[Image above] Electron micrograph of a MAX phase material. MAX phases demonstrate high-temperature corrosion and oxidation resistance, which give them a lot of potential in several industries, including nuclear power and aerospace propulsion systems. Credit: Miladin Radovic, Texas A&M Engineering
On Tuesday, we highlighted recent work being done on MAX phases, a class of layered ceramic materials not often covered on CTT. These materials exhibit both high-temperature corrosion and oxidation resistance, which makes them ideal candidates for use in several industries, including nuclear power and aerospace propulsion systems.
MAX phase materials have the general formula Mn+1AXn, where M is a transition metal (toward the left-hand side of the periodic table), A is a metalloid (edging into the left-hand transition metals and heavy metals), and X is carbon or nitrogen. Researchers have studied more than 150 compositions with this general formula to date, with a big focus on ones containing titanium. (Studies on the Cr–Al–C system are slowly accumulating as well, as the Tuesday CTT showed.)

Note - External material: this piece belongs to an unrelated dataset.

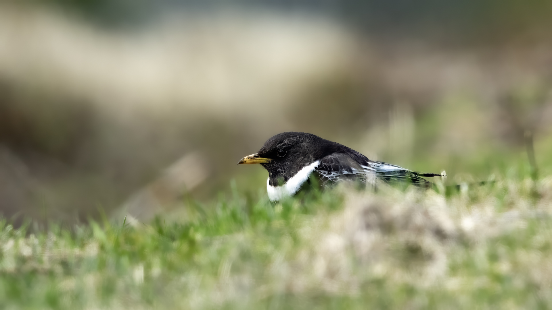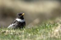 Wreszcie po czterech latach nastąpiło moje drugie spotkanie z drozdem obrożnym. Tak samo przypadkowe i nieplanowane jak pierwsze, ale o ile bardziej owocne. Powstało wreszcie kilka dobrych zdjęć tych pięknych ptaków, no i nagranie głosów drozdów. Podziękowania dla Kaliny i Jacka za informację z obserwacji drozdów. Drozdy występowały u podnóża Śnieżki, ale po czeskiej stronie. Było ich kilka i niestety były dość płochliwe. Ciekawe, że można było powoli zmniejszać dystans do ptaków żerujących na trawie na otwartej przestrzeni i zrobić prezentowane zdjęcia. Kiedy wzbijały się w powietrze, prawie zawsze siadały potem w takiej gęstwinie, że trudno było o zdjęcie. Kilka godzin prób i jedno-zdjęciowa galeria zmieniła się nie do poznania, i to z nagraniem głosów drozdów obrożnych.

The number of known MAX phases continues to increase regularly thanks to a combination of experimental works and theoretical calculations. However, not all possible compositions are thermodynamically stable—at elevated temperatures and under oxidizing conditions, many MAX phases undergo detrimental self-sustaining oxidation reactions that result in catastrophic loss of mechanical integrity.

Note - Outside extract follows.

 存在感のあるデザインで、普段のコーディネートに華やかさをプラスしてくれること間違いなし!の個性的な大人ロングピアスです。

Because the oxidation process is complex, it is both difficult and expensive to model or characterize the process with current computational and experimental methods, thus slowing the process of identifying desirable MAX phases. Fortunately, a recent open-access article by researchers at Texas A&M University describes a new computational tool that can vastly speed up the process.
The researchers are led by materials science and engineering professors Raymundo Arróyave and Miladin Radovic. In a Texas A&M press release, Arróyave explains why density functional theory, an established physics-based mathematical model frequently used to explain materials phenomena, struggles to evaluate the properties of MAX phases at different temperatures.
“These calculations scale very poorly,” he says. “For perspective, if we want to use density functional theory to calculate the properties of a candidate material at the lowest temperature of zero kelvins, that is at the ground state, it might take about a day of computational time. But now, if you want to calculate the same properties at a finite temperature, say 1000 kelvins, it can take weeks.”
In addition, predicting the behavior of materials when exposed to oxygen at elevated temperatures further complicates the situation and can cause density functional calculations that account for oxidation to take months or even longer, Arróyave adds.
To speed up the time it takes to model oxidation of different MAX phases at high temperatures, some studies have demonstrated that augmenting density functional calculations with machine learning and experimentally acquired information can quickly and accurately improve predictions. So, the researchers of the new study decided to augment density functional calculations using an emerging machine learning method called sure independence screening and sparsifying operator (SISSO) in combination with a computational thermodynamics technique called grand-canonical linear programming (GCLP).
In an email, Arróyave says they chose SISSO as their machine learning model because of its ability to clearly demonstrate connections between inputs and outputs. “Typically, machine learning models are more like ‘black boxes,’ with very unintuitive connections between inputs and outputs,” he says. “On the other hand, SISSO allows you to create models that can be written as a function of intrinsic materials properties. The outcome of such a model is an equation that can be explicitly written and then shared to anyone.”
To test their approach, the researchers first extracted data from a couple of external databases and performed density functional calculations to determine a few fundamental properties of MAX phases at zero kelvins. Then, they gathered this information into an internal database and input the data into the machine-learning-based scheme to determine the most stable compounds for a given temperature and a certain MAX phase composition.
The high-throughput predictions given by the machine-learning-based model for several MAX phases—Ti2SiC, Ti2AlC, and Cr2AlC—compared well with values determined via oxidation experiments, thus establishing “the generality of the scheme … [and] strength of our framework.”
For the minor disagreements that did arise between theory and experiment, the researchers say it is likely due to not including all possible non-stoichiometric compounds, ternary-oxides/oxycarbides, and/or contributions from kinetics in the model. “However, keeping the complexity of the problem in mind, the proposed scheme provides good quantitative agreement with experiments,” they emphasize.
Arróyave says they are working with colleagues who have expertise in artificial intelligence and machine learning to develop more robust frameworks capable of building more complex models than SISSO, which they will use to design novel alloys. “We are also using the same approach that we used in this paper to predict how other materials oxidize when exposed to high temperatures and oxidizing environments,” he adds.
The open-access paper, published in npj Computational Materials, is “High-throughput reaction engineering to assess the oxidation stability of MAX phases” (DOI: 10.1038/s41524-020-00464-7).